Сегодня письмо, как и все остальное, подстраивается под компьютерный формат. Миллиарды людей, и в первую очередь граждане богатейших стран мира, пишут столько, сколько не писали никогда прежде, на телефонах, планшетах, ноутбуках и компьютерах. И мы не просто пишем, а пишем о себе. На самом деле «социальные сети» тут совсем ни при чем. Термин «социальные медиа» слишком распространен, чтобы его игнорировать, но мы должны как минимум поставить его под сомнение. Это своего рода форма пропаганды скорописи. Все медиа и все машины социальны. Машины прежде всего социальны и только потом технологичны, как писал историк Льюис Мамфорд. Задолго до цифровых платформ философ Жильбер Симондон исследовал, как инструменты способствуют развитию общественных отношений. Прежде всего, инструмент выступает в качестве посредника отношений между организмом и миром. Он связывает пользователей между собой и с окружающей средой, определяя модель взаимоотношений. Более того, концептуальная схема, по которой разрабатываются инструменты, может быть переведена в новые условия, генерируя тем самыми новые типы взаимоотношений. Разговор о технологиях – это разговор об обществах.

Речь идет о социальной индустрии. Она способна посредством производства и сбора данных воплощать и измерять жизнь общества в числовом виде. По утверждению Уильяма Дэвиса, впервые, и это уникальная инновация, социальные взаимодействия стали видны и прозрачны: анализируются данные и эмоциональная окраска высказываний. Как результат, жизнь людей как никогда сильнее подпадает под влияние правительства, партий и компаний, покупающих услуги передачи данных. Но более того, они производят социальную жизнь, программируют ее.
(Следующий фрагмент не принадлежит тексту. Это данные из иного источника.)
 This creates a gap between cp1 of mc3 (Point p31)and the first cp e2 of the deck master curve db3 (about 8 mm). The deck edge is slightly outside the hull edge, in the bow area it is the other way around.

Вот что это значит, когда мы все больше и больше времени тыкаем в экран вместо того, чтобы общаться вживую. Такая наша социальная жизнь регулируется алгоритмом и протоколом. Когда Теодор Адорно писал о «культурной индустрии», утверждая, что культура повсеместно превращена в товар и обезличена, вероятно, это было высокомерное упрощение с его стороны. Даже голливудский конвейер показывал больше вариаций, чем признавал Адорно. Социальная индустрия, напротив, зашла намного дальше, подчинив жизнь общества инвариантной письменной формуле.

Речь идет об индустриализации письма. Речь о коде (письме), который определяет, как мы его используем, данных (другая форма письма), которые мы при этом производим, и способе, которым используются эти данные, чтобы определить (написать) нас.

3

Письмо повсюду. Наши жизни превратились, как говорит Шошана Зубофф, в «электронный текст». Реальность все чаще и чаще оказывается под контролем микросхемы.
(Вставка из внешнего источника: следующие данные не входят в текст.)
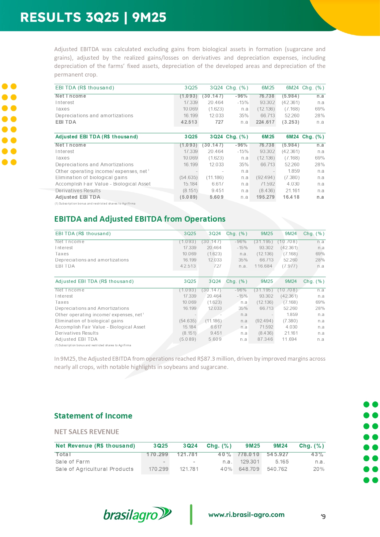 Adjusted EBITDA was calculated excluding gains from biological assets in formation (sugarcane and grains), adjusted by the realized gains/losses on derivatives and depreciation expenses, including depreciation of the farms’ fixed assets, depreciation of the developed areas and depreciation of the permanent crop . EBITDA and Adjusted EBITDA from Operations In 9M25, the Adjusted EBITDA from operations reached R$87.3 million, driven by improved margins across nearly all crops, with notable highlights in soybeans and sugarcane. Statement of Income NET SALES REVENUE Chg. (% ) 6M24 6M25 Chg. (% ) 3Q24 3Q25 EBI TDA (R$ t hou sa nd) n.a (5.984 ) 76.738 - 96% (30 .14 7) (1.0 93) Net I ncome n.a (42.361) 93.302 - 15% 20.464 17.339 I nterest 69% (7.168) (12.136) n.a (1.623) 10.069 Taxes 28% 52.260 66.713 35% 12.033 16.199 Depreciations and amortizations n.a (3.253) 224 .617 n.a 727 4 2.513 EBI TDA Chg. (% ) 6M24 6M25 Chg. (% ) 3Q24 3Q25 Adjusted EBI TDA (R$ thousand) n.a (5.984 ) 76.738 - 96% (30 .14 7) (1.0 93) Net I ncome n.a (42.361) 93.302 - 15% 20.464 17.339 I nterest 69% (7.168) (12.136) n.a (1.623) 10.069 Taxes 28% 52.260 66.713 35% 12.033 16.199 Depreciations and Amortizations n.a 1.859 - n.a - - Other operating income/ expenses, net 1 n.a (7.380) (92.494) n.a (11.186) (54.635) Elimination of biological gains n.a 4.030 71.592 n.a 6.617 15.184 Accomplish Fair Value - Biological Asset n.a 21.161 (8.436) n.a 9.451 (8.151) Derivatives Results n.a 16.4 18 195.279 n.a 5.60 9 (5.0 89) Adjusted EBI TDA (1) Sub scrip t ion bonus and restricted sha res to Agrifirma Chg. (% ) 9M24 9M25 Chg. (% ) 3Q24 3Q25 EBI TDA (R$ t hou sa nd) n.a (10 .70 8) (31.195) - 96% (30 .14 7) (1.0 93) Net I ncom e n.a (42.361) 93.302 - 15% 20.464 17.339 I nterest 69% (7.168) (12.136) n.a. (1.623) 10.069 Taxes 28% 52.260 66.713 35% 12.033 16.199 Depreciations and amortizations n.a (7.977) 116.684 n.a. 727 4 2.513 EBI TDA Chg. (% ) 9M24 9M25 Chg. (% ) 3Q24 3Q25 Adjust ed EBI TDA (R$ t hou sa nd) n.a (10 .70 8) (31.195) - 96% (30 .14 7) (1.0 93) Net I ncom e n.a (42.361) 93.302 - 15% 20.464 17.339 I nterest 69% (7.168) (12.136) n.a (1.623) 10.069 Taxes 28% 52.260 66.713 35% 12.033 16.199 Depreciations and Amortizations n.a 1.859 - n.a - - Other operating income/ expenses, net 1 n.a (7.380) (92.494) n.a (11.186) (54.635) Elimination of biological gains n.a 4.030 71.592 n.a 6.617 15.184 Accomplish Fair Value - Biological Asset n.a 21.161 (8.436) n.a 9.451 (8.151) Derivatives Results n.a 11.694 87.34 6 n.a 5.60 9 (5.0 89) Adjust ed EBI TDA (1) Sub scrip t ion bonus and restricted sha res to Agrifirma Net Revenue (R$ thousand) 3Q25 3Q24 Chg. (% ) 9M25 9M24 Chg. (% ) 54 5.927 4 3% 778.0 10 4 0 % 121.781 170 .299 Total 5.165 n.a. 129.301 n.a. - - Sale of Farm 540.762 20% 648.709 40% 121.781 170.299 Sale of Agricultural Products ‘ 9

В то время как одни платформы стремятся сделать рабочие процессы индустрии более понятными, прозрачными и потому более удобными в управлении, другие платформы данных, такие как Google, Twitter и Facebook, сосредоточены на потребительских рынках. Они усиливают наблюдение, неожиданно открывая огромные слои скрытых желаний и поведения и заставляя ценовые сигналы и исследования рынка при сравнении выглядеть довольно странно. Google накапливает данные, читая нашу переписку, отслеживая историю поиска, собирая изображения наших домов и городов с помощью сервиса Street View и фиксируя наше местоположение на картах Google. А благодаря соглашению с Twitter еще и проверяет наши твиты.

Перейти на страницу:

Похожие книги

100 знаменитых загадок природы
100 знаменитых загадок природы

Казалось бы, наука достигла такого уровня развития, что может дать ответ на любой вопрос, и все то, что на протяжении веков мучило умы людей, сегодня кажется таким простым и понятным. И все же… Никакие ученые не смогут ответить, откуда и почему возникает феномен полтергейста, как появились странные рисунки в пустыне Наска, почему идут цветные дожди, что заставляет китов выбрасываться на берег, а миллионы леммингов мигрировать за тысячи километров… Можно строить предположения, выдвигать гипотезы, но однозначно ответить, почему это происходит, нельзя.В этой книге рассказывается о ста совершенно удивительных явлениях растительного, животного и подводного мира, о геологических и климатических загадках, о чудесах исцеления и космических катаклизмах, о необычных существах и чудовищах, призраках Северной Америки, тайнах сновидений и Бермудского треугольника, словом, о том, что вызывает изумление и не может быть объяснено с точки зрения науки.Похоже, несмотря на технический прогресс, человечество еще долго будет удивляться, ведь в мире так много непонятного.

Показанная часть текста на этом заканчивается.